Could you print, exactly and without pictures, only the lines from the one with "رياضة ولياقة On" through the end of the records below?

====== RECORD EXTRACTS

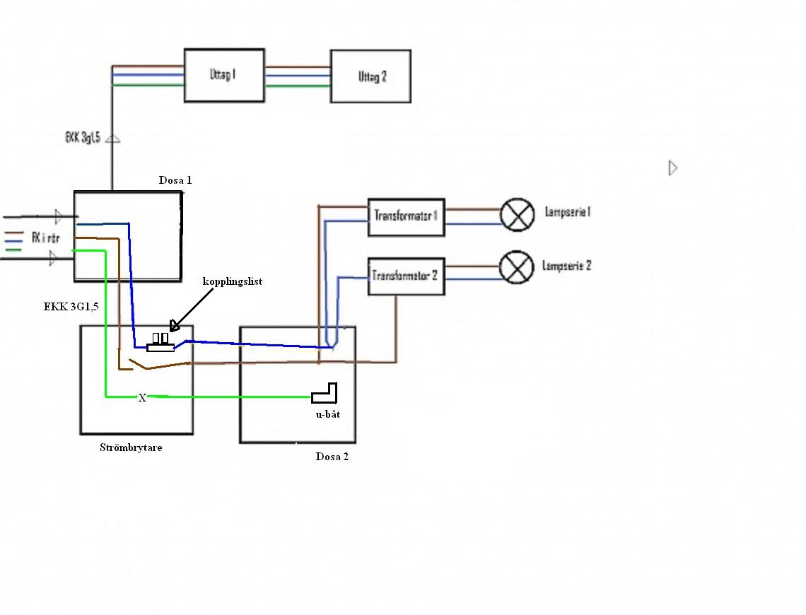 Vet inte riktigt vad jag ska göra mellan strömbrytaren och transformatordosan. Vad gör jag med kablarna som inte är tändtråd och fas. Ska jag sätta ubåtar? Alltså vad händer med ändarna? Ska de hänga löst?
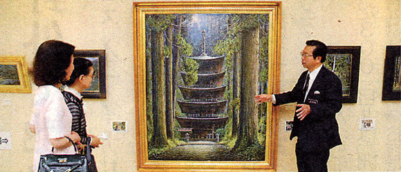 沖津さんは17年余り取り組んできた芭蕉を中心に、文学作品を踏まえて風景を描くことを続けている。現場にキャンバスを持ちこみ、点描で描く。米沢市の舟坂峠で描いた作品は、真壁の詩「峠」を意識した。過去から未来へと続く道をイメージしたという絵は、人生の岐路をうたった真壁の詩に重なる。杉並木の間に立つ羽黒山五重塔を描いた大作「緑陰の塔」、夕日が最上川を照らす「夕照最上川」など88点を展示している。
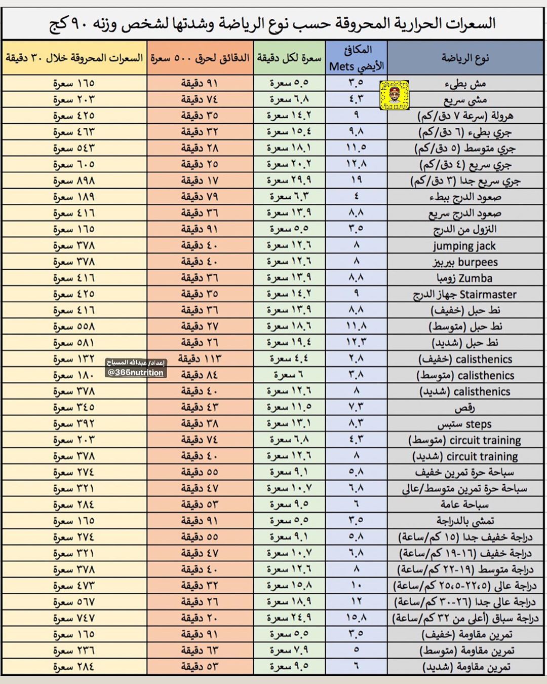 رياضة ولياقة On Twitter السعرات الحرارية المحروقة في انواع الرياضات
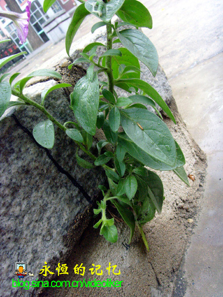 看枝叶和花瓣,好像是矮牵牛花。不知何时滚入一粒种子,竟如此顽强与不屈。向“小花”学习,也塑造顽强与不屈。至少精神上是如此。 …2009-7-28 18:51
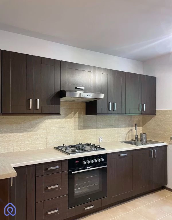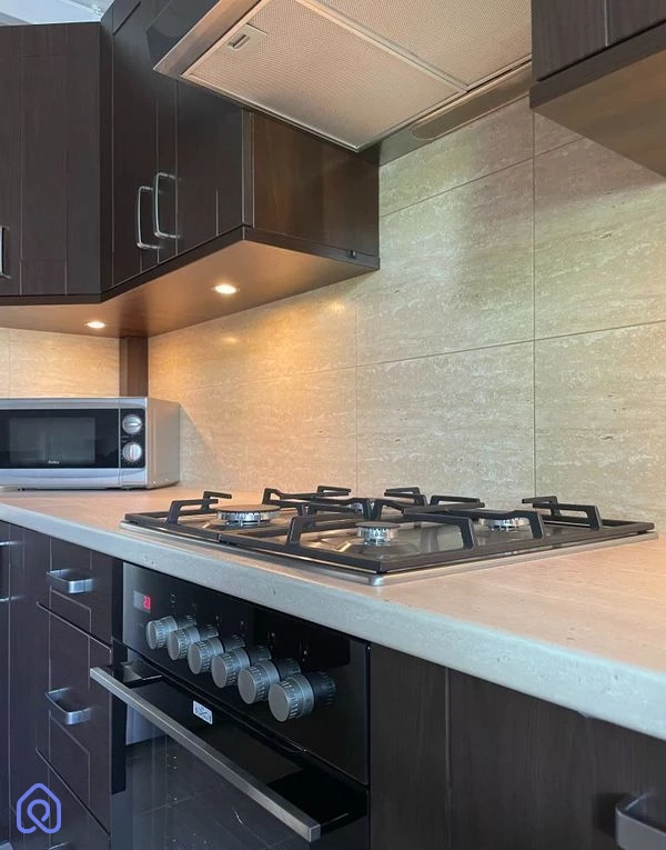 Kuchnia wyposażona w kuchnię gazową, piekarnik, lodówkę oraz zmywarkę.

============

▸ **EXERCISE RESPONSE**
 رياضة ولياقة On Twitter السعرات الحرارية المحروقة في انواع الرياضات
 看枝叶和花瓣,好像是矮牵牛花。不知何时滚入一粒种子,竟如此顽强与不屈。向“小花”学习,也塑造顽强与不屈。至少精神上是如此。 …2009-7-28 18:51
 Kuchnia wyposażona w kuchnię gazową, piekarnik, lodówkę oraz zmywarkę.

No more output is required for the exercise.